## WORK TASK
Give again only the lines from the line that holds "五四青年奖章学生获奖代表,运" to the end of the data, inclusive, omitting all pictures.

## RECORDED DATA

*****

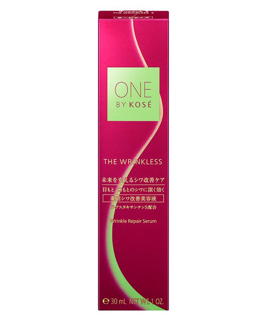 科絲(KOSÉ)No.1*1 皺紋改善項目不斷進化!改變未來的抗皺護理。_x000D_ 新一代*2 抗皺精華誕生。_x000D_ [準藥物] - 皺紋的個體差異會隨著年齡的增長而增加和加速。_x000D_高絲第一抗皺單品煥然一新,功效更強,並具有美白效果。X000D_這款改善皺紋的精華液是根據多年來對易生皺紋肌膚的研究而開發的,它將改變現在和未來。_x000D_緊緻美麗肌膚,讓肌膚緊緻有彈性。25 年來,KOSÉ 一直致力於皺紋問題的研究,終於達到了新的階段。_x000D_自高絲開始研究皺紋產生的機理以來,已經走過了 25 個年頭。_x000D_我們觀察並測量了同一人數年來的皺紋變化,並利用最新的 KOSÉ 科學進行分析,最終研製出全新的抗皺精華液。含有改善皺紋和美白活性成分 <Wrinkle White N>。_x000D_ 通過接近肌膚的上下兩層:從深層支撐肌膚的真皮層和賦予肌膚表面緊緻感的表皮層,改善皺紋。_x000D_ 該產品能深入持久地作用於眼周、嘴角、額頭和眉間等需要護理的部位,有效解決各種皺紋問題。此外,它還能抑制黑色素生成,預防斑點和雀斑。_x000D__x000D_ ● 含有高絲獨創的有效成分。_x000D_ 保溼,令肌膚緊緻。_x000D__x000D_ ● 軟化和保持彈力的配方。該配方能像蒸汽熨斗蒸過一樣,軟化並向需要護理的部位散發水分,帶來強大而持久的緊緻效果。只需使用一次,即可保持肌膚緊緻。含有改善光澤的成分。_x000D_提亮並淡化容易顯得凹陷和暗沉的皺紋。 _x000D__x000D_ - 易於每天早晚使用。_x000D_塗抹順滑,與肌膚形成一層光滑的薄膜。_x000D_早上化妝前使用非常簡單,因為它很容易融合,而且不油膩。_x000D__x000D_ ● 舒適的綠色花香。_x000D_● 無色。橙色是蝦青素的天然顏色。_x000D_ ● 經過過敏測試。 並非所有人都會過敏。_x000D__x000D_*1 按累計銷售量計算 _x000D_*2 品牌內 _x000D__x000D_[成分] _x000D_[抗皺美白活性成分] Wrinkle White N _x000D_[保溼成分] W-Astaxanthin S_x000D_(高濃度*3) _x000D_...蝦青素、印楝葉提取物、殼姜葉提取物、濃縮甘油)_x000D_*3 與傳統產品相比_x000D_[保溼成分] 低分子膠原蛋白、發酵透明質酸、低分子彈性蛋白、乙酰羥脯氨酸、馬鬱蘭提取物、濃縮甘油_x000D_[光澤改善成分] 大米大米胚芽油和角鯊烷_x000D_[加速滲透成分*4]*4 對角質層的滲透_x000D__x000D_* Wrinkle White N 是煙酰胺,蝦青素是蝦青素 H,低分子膠原蛋白是水解膠原蛋白粉,發酵透明質酸是酵母培養上清液,低分子彈力素是 Brielastin,乙酰羥脯氨酸是 N-乙酰-L-羥脯氨酸,馬鬱蘭提取物是 Mayolana 提取物,滲透增強成分是油酸乙酯和 2-辛基十二醇。 _x000D__x000D_ [商品名稱:ONE BY KOSÉ The Linkless S]_x000D__x000D_ ▽大號可在此購買_x000D_◆The Linkless S <30g>:8,140日元(含稅)使用方法 取適量於指尖,均勻塗抹於需要護理的部位。
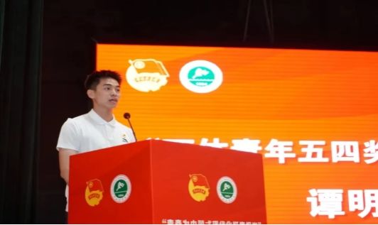 五四青年奖章学生获奖代表,运动训练学院谭明杰同学在发言中表示:感谢在西体老师们的谆谆教诲与悉心关怀,这份荣誉也激励我在未来的日子里勇担使命,团结带动青年朋友将家国情怀融入个人成长,为建设体育强国和美好的祖国贡献自己的青春力量!
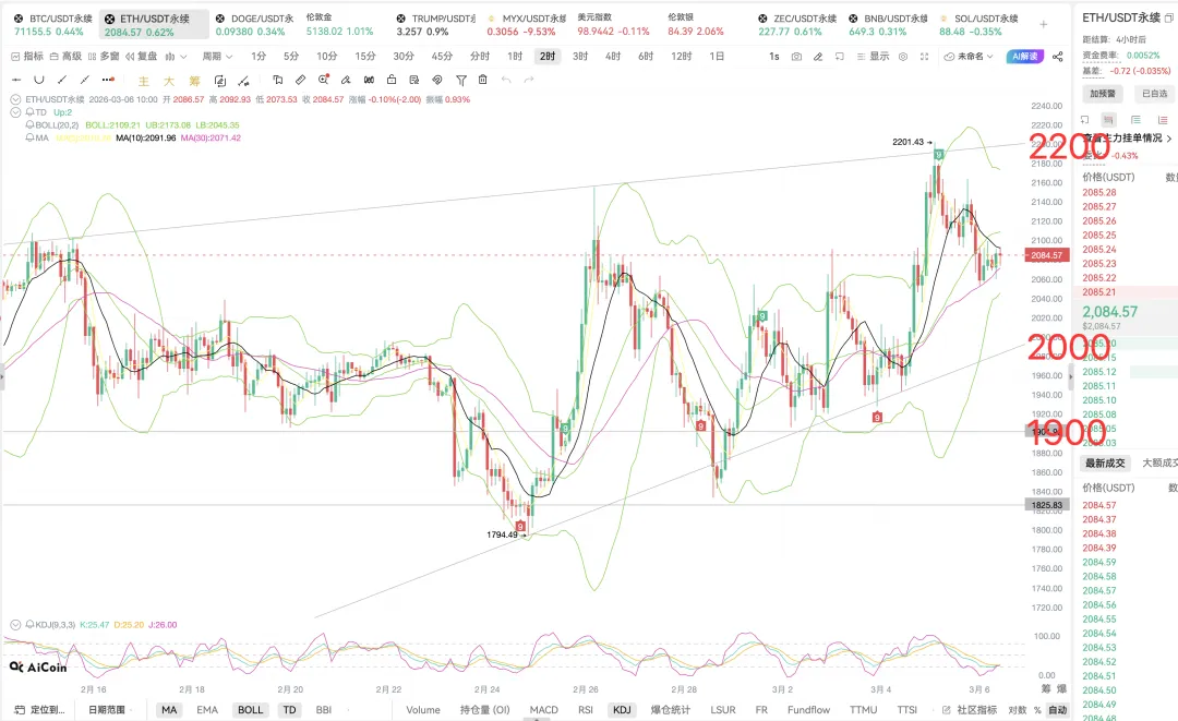 技术面12小时布林带缩口,早间收取一阴,回到上轨下方运行,目前是4连阳收阴,大趋势可以继续看空,目标关注中轨2000附近,再考虑是否转向做多,但大趋势交易建议高空为主。4小时目前同样支撑于中轨2050附近开始上涨,中午如果收取一样,将是3连阴收阳,下午可以继续看涨,关注上轨2180附近压制。另外MACD金叉但红柱缩量,多头动能减弱;4小时MACD金叉但红柱缩量,多头动能减弱。综上,短期以太有一定反弹趋势但空间有限,大趋势交易继续高空为主。

*****

## TASK RESPONSE
 五四青年奖章学生获奖代表,运动训练学院谭明杰同学在发言中表示:感谢在西体老师们的谆谆教诲与悉心关怀,这份荣誉也激励我在未来的日子里勇担使命,团结带动青年朋友将家国情怀融入个人成长,为建设体育强国和美好的祖国贡献自己的青春力量!
 技术面12小时布林带缩口,早间收取一阴,回到上轨下方运行,目前是4连阳收阴,大趋势可以继续看空,目标关注中轨2000附近,再考虑是否转向做多,但大趋势交易建议高空为主。4小时目前同样支撑于中轨2050附近开始上涨,中午如果收取一样,将是3连阴收阳,下午可以继续看涨,关注上轨2180附近压制。另外MACD金叉但红柱缩量,多头动能减弱;4小时MACD金叉但红柱缩量,多头动能减弱。综上,短期以太有一定反弹趋势但空间有限,大趋势交易继续高空为主。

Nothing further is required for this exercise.